I did a ps -eF, and found this running:
beagled /usr/lib64/beagle/BeagleDaemon.exe --bg

WTF? Beagle should not be running, and .exe?

The results of file * and ls -l in /usr/lib64/beagle appear below.
My question is, has my machine been cracked? I installed compiz
last Saturday to play with it a little, but have disabled that.

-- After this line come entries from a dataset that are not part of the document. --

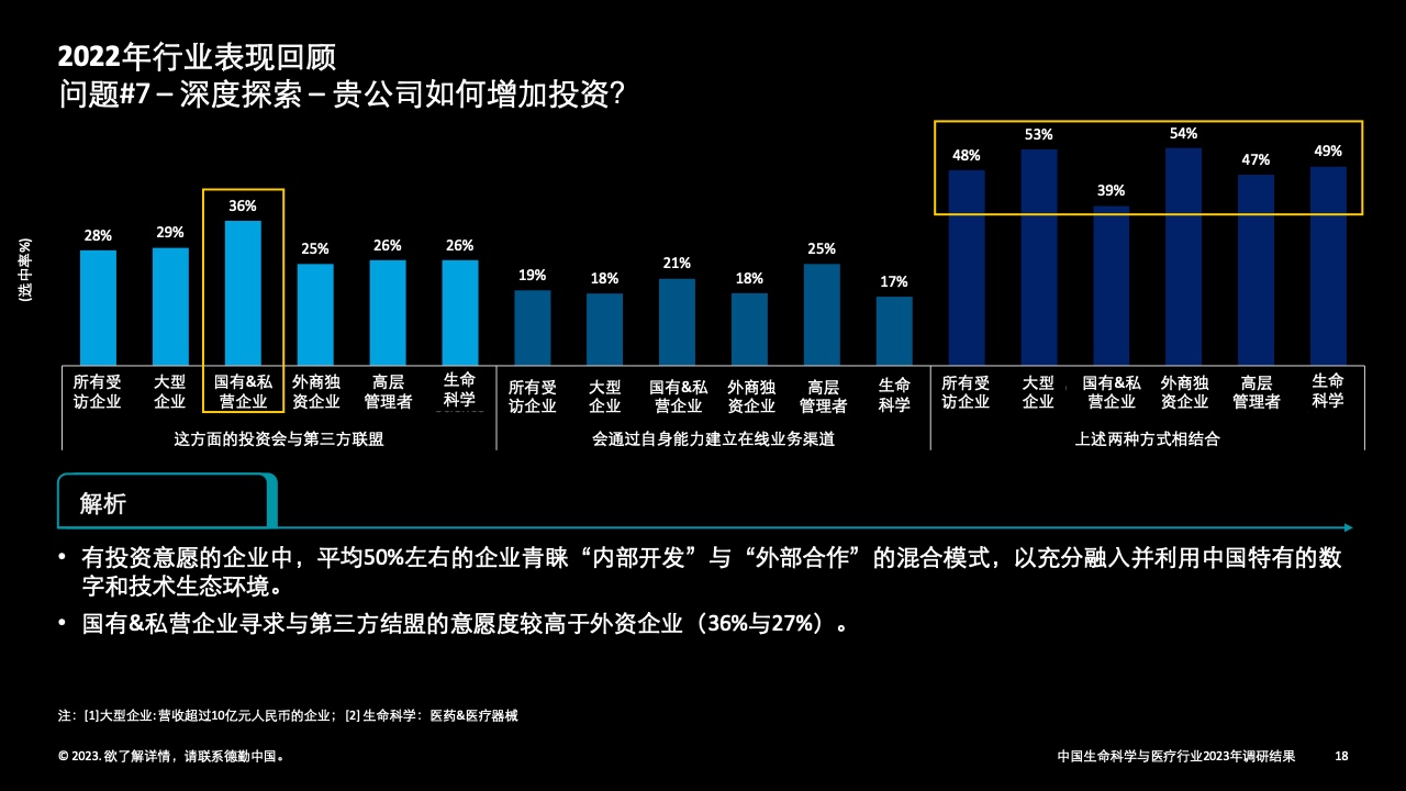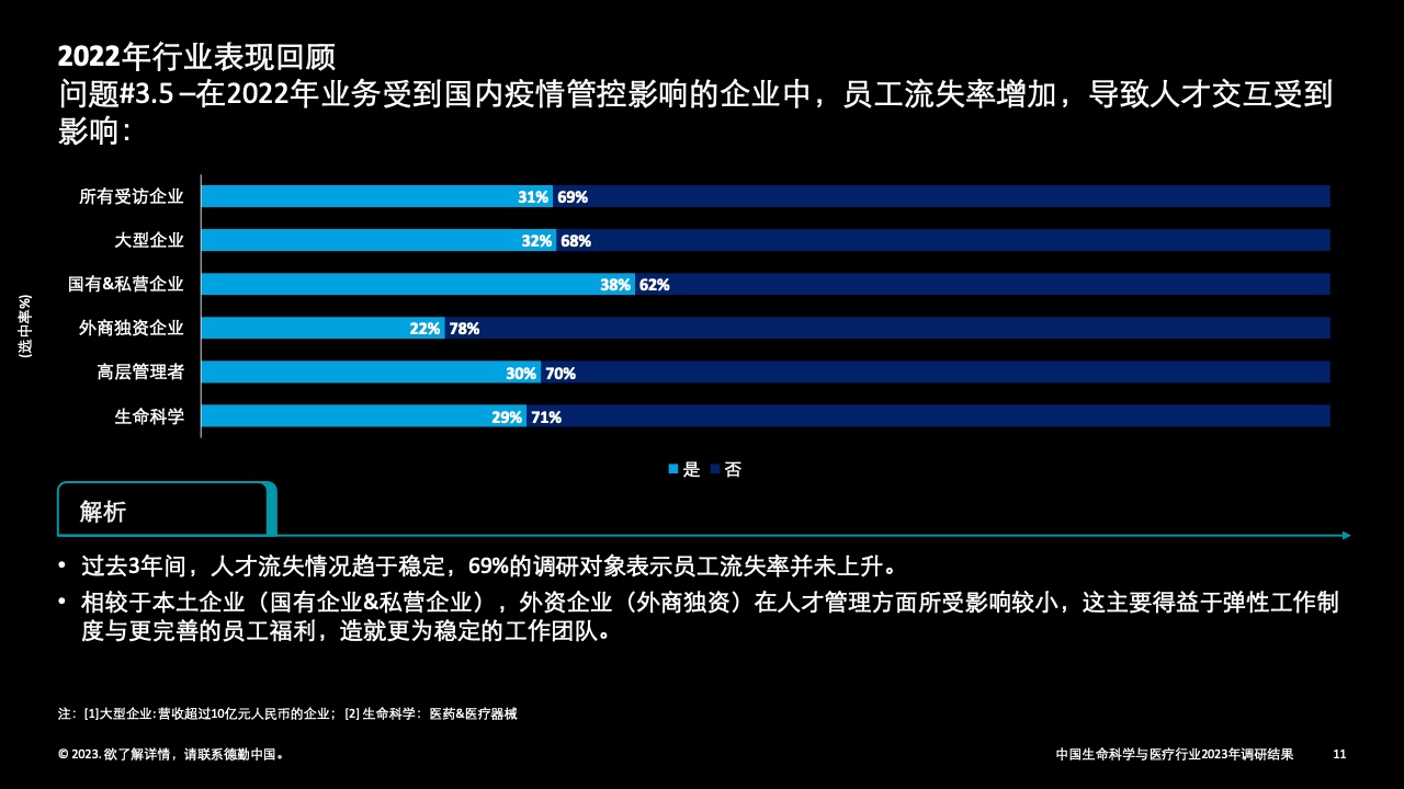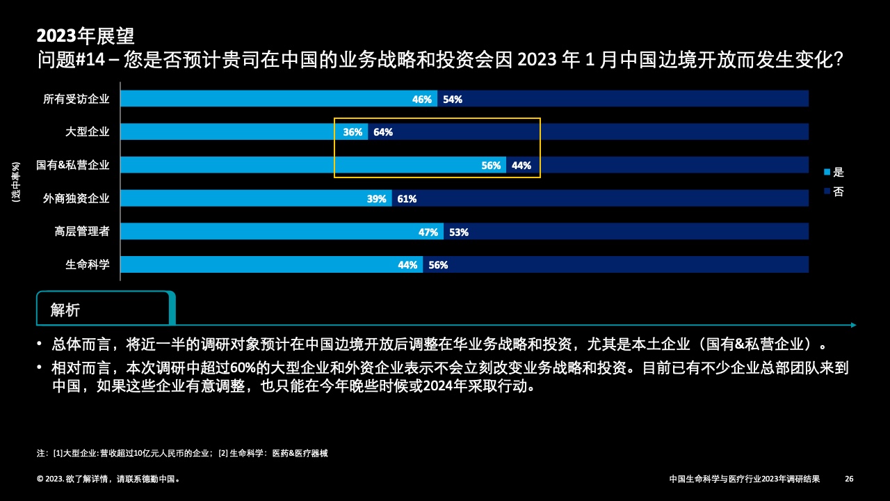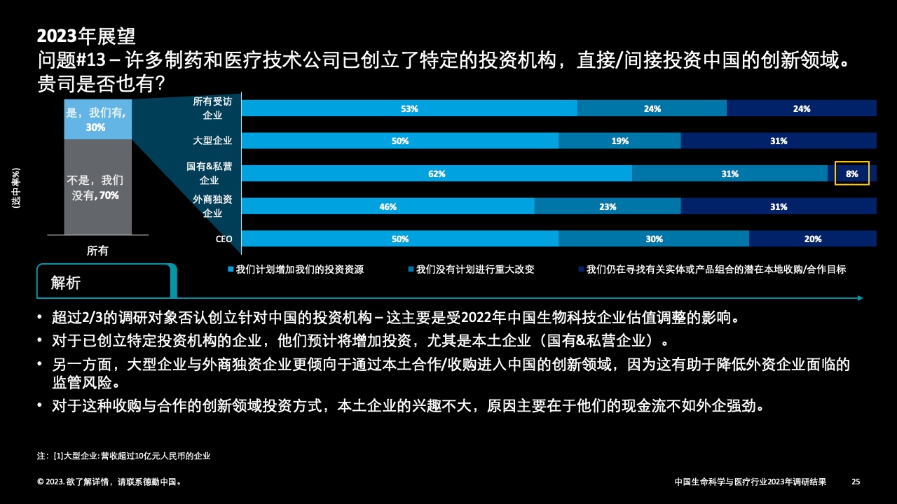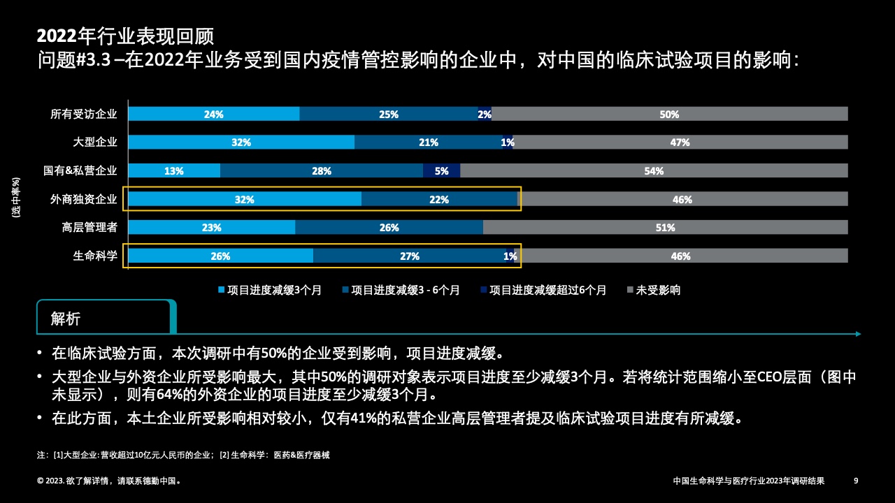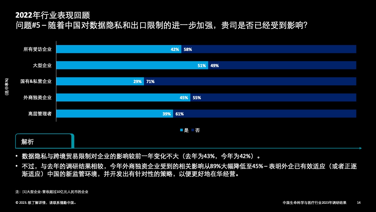 参与调研的本土企业(国有企业&私营企业):22%表示他们的业绩高于预期,可能是因为他们在2021年末提出预期时较为谨慎(不少在中国从事生物科技行业的私营企业尚未开始获得收益)。
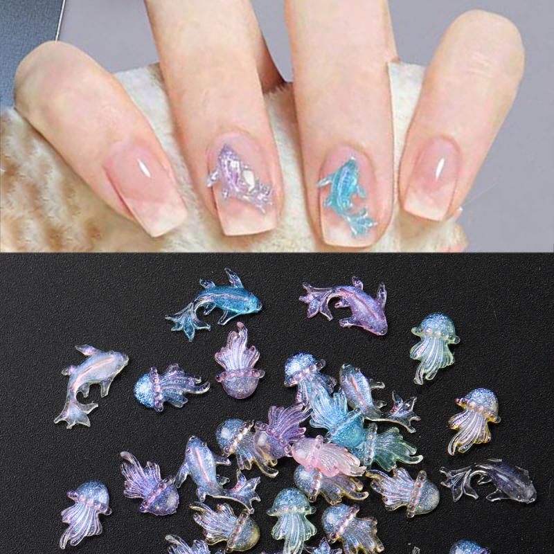 30/50/100ks Delfín Medúza Ozdoby na nehty Žralok Hvězdice Série Mořští živočichové Přívěsky na nehty DIY Nehtové doplňky
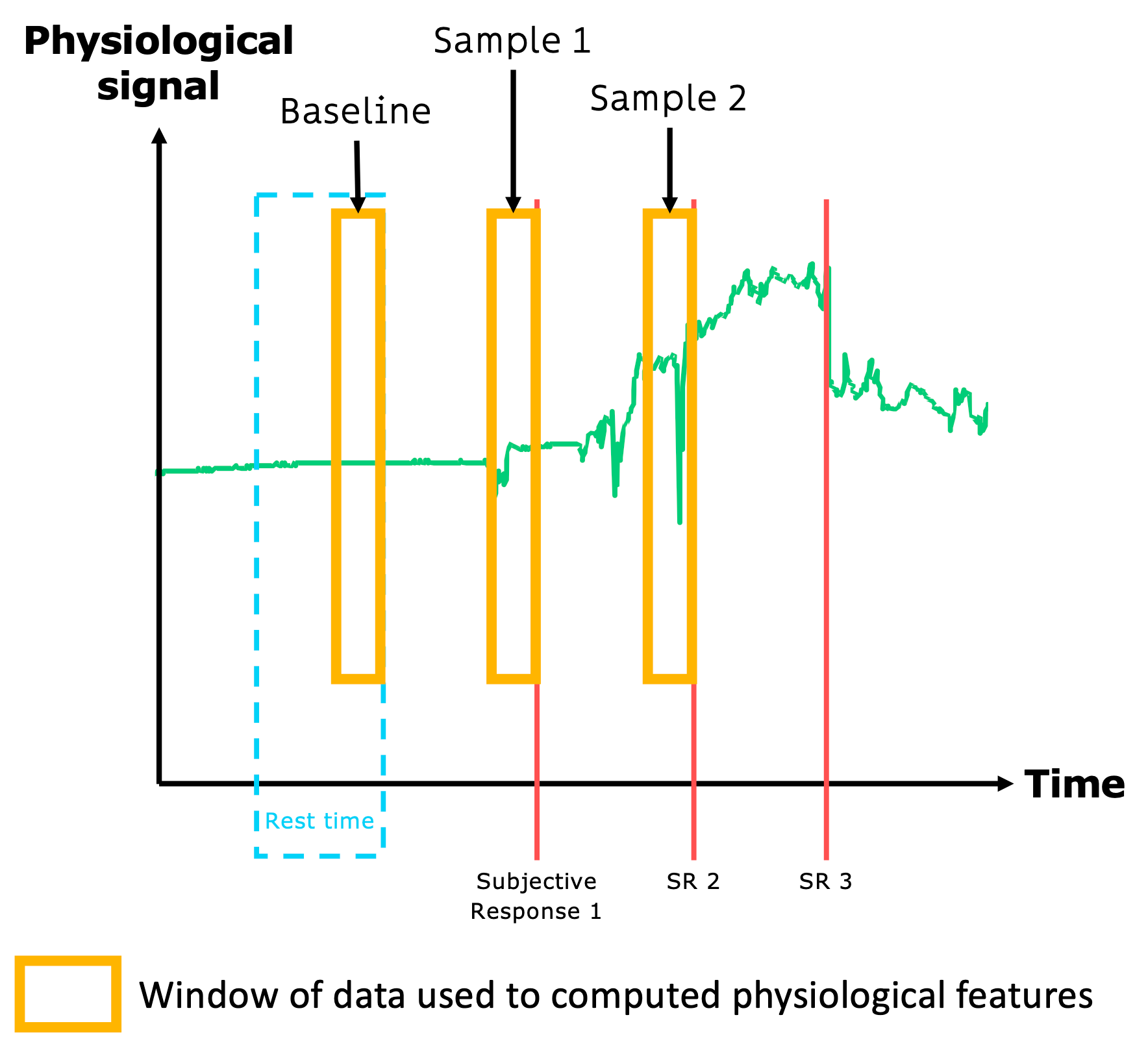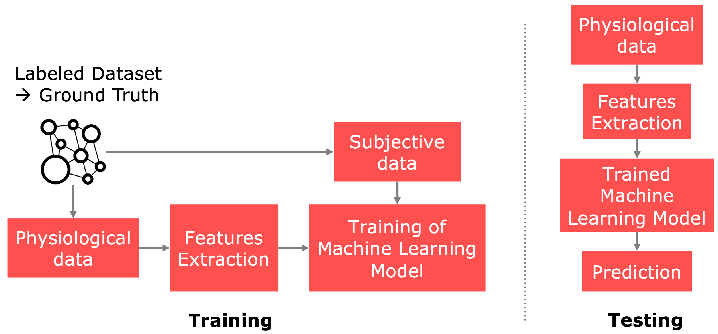 The exploitation of physiological signals, however, is very challenging. The recent emergence of Machine Learning methods opens new opportunities to go beyond previous limits. Using supervised techniques, the training of Machine Learning models intends to automatically infer the function between the input data (i.e. extracted physiological features) and output data (i.e. VR sickness level): see Figure 1. In other words, models are trained to detect the physiological patterns associated with VR sickness levels. After training, these models could provide a relevant method to automatically recognize VR sickness, in real-time, using the physiological data without requesting a subjective response.
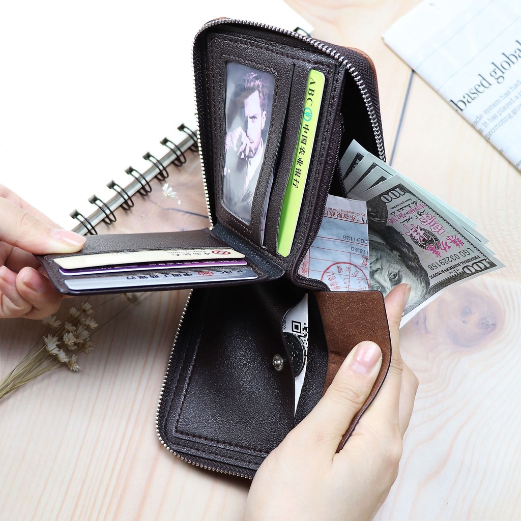 KOMPARTMEN DOMPET : 1. 4 SLOT KARTU ATM 2. 2 SLOT KTP / SIM / FOTO 3. 1 SLOT TEMPAT KOIN 4. 1 SLOT UANG KERTAS LIPAT 5. 1 SLOT UANG KERTAS ZIPPER
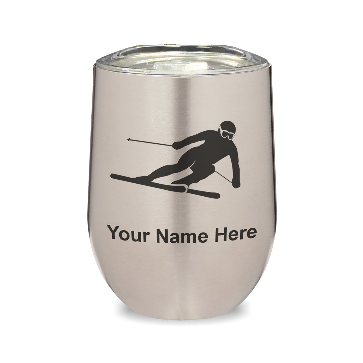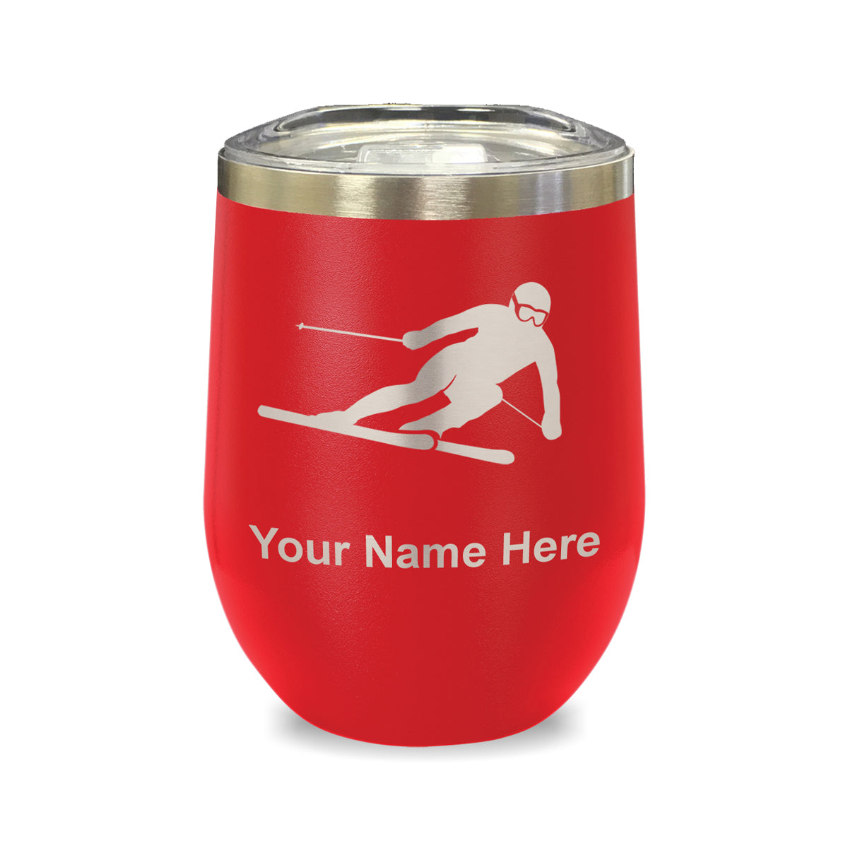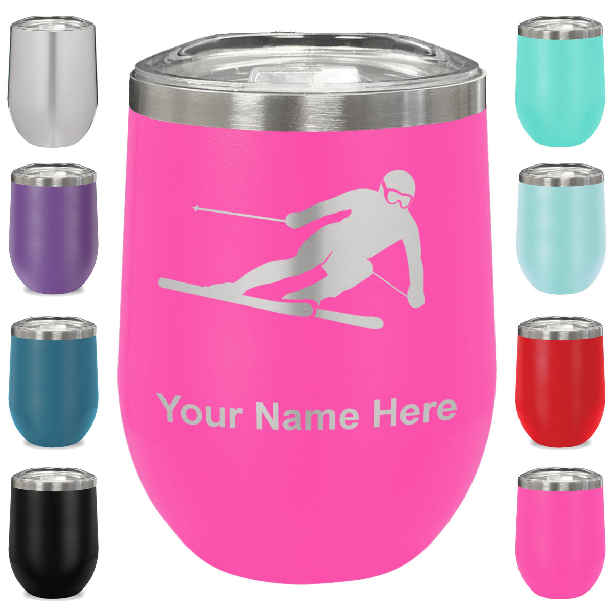 LaserGram Double Wall Stainless Steel Wine Glass, Skier Downhill, Personalized Engraving Included
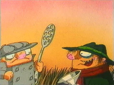 В каждой короткометражке точно фигурировал пузатый (? - на самом деле, не уверен насчет пузатости, может его просто маленьким и одноформенным, как братьев пилотов с пика изображали) охотник, который в начале каждого эпизода начинал аки Мюнхгаузен сидя в кресле байку травить.
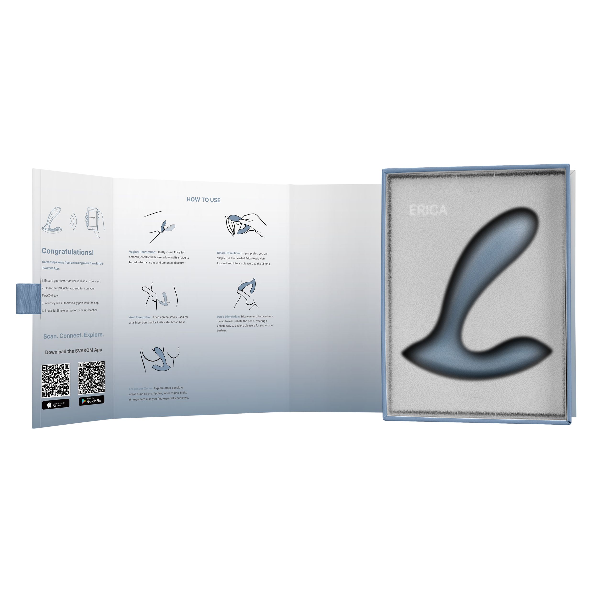 Наслаждавайте се в движение. Ерика разполага с два мощни мотора за вътрешна и външна стимулация. С пълен APP контрол, използвайте SVAKOM APP, за да вдъхнете удовлетворение, където и да сте – или предайте контрола.
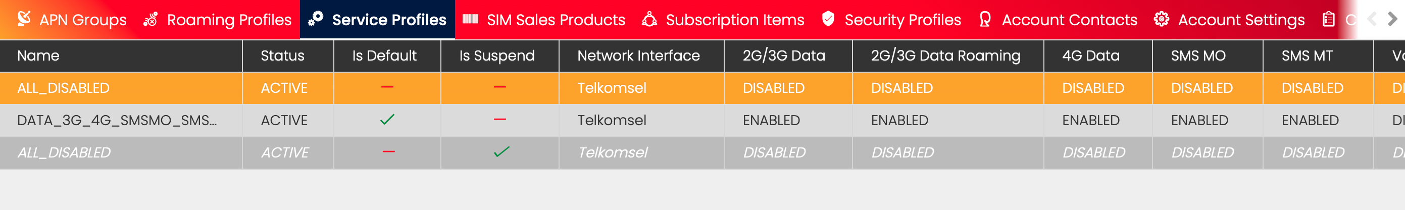 Service Profiles define the set of services that a SIM is authorized to use when it connects to a network. Using a Service Profile with the right level of services is an important step toward preventing an Account from incurring unnecessary charges.
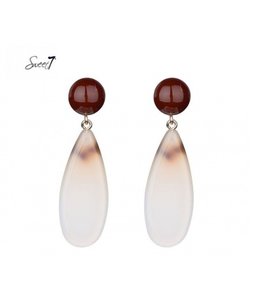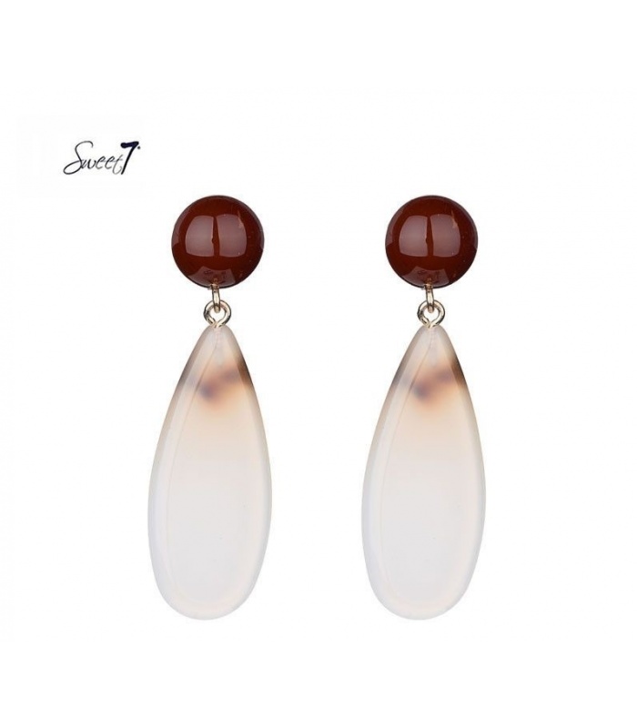 Wit met bruine oorhangers en een bruin oorstukje
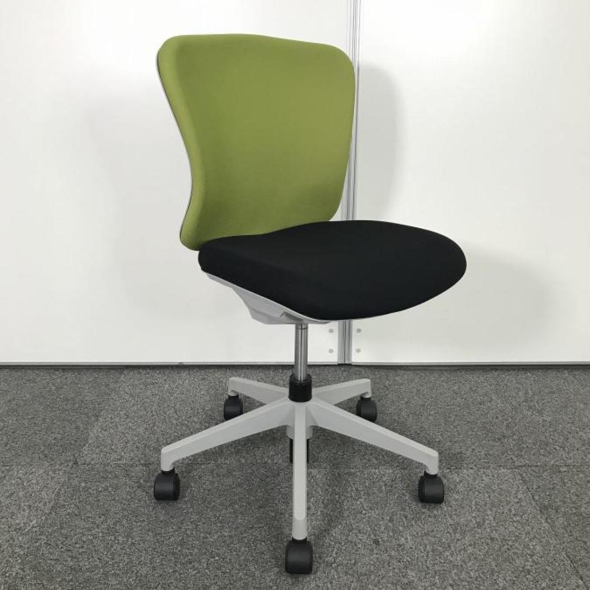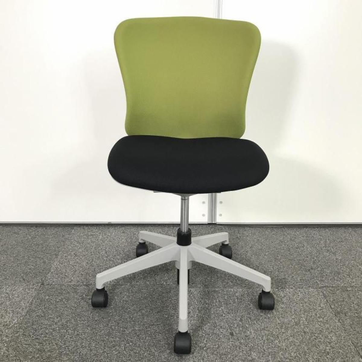 【ローコストチェアの定番!使いやすいスタンダードなデザイン1】■イナバ(INABA)製 バルチェシリーズ 肘無 ローバックチェア ■背面グリーン×座面ブラック- つくば店

I do download an indexing package from a remote server, which
is reported as having an incorrect authentication, but unless
there is a man in the middle relaying everything both ways in
addition to its malbeahavior this should not be the problem.

Does anyone else have this stuff on the system?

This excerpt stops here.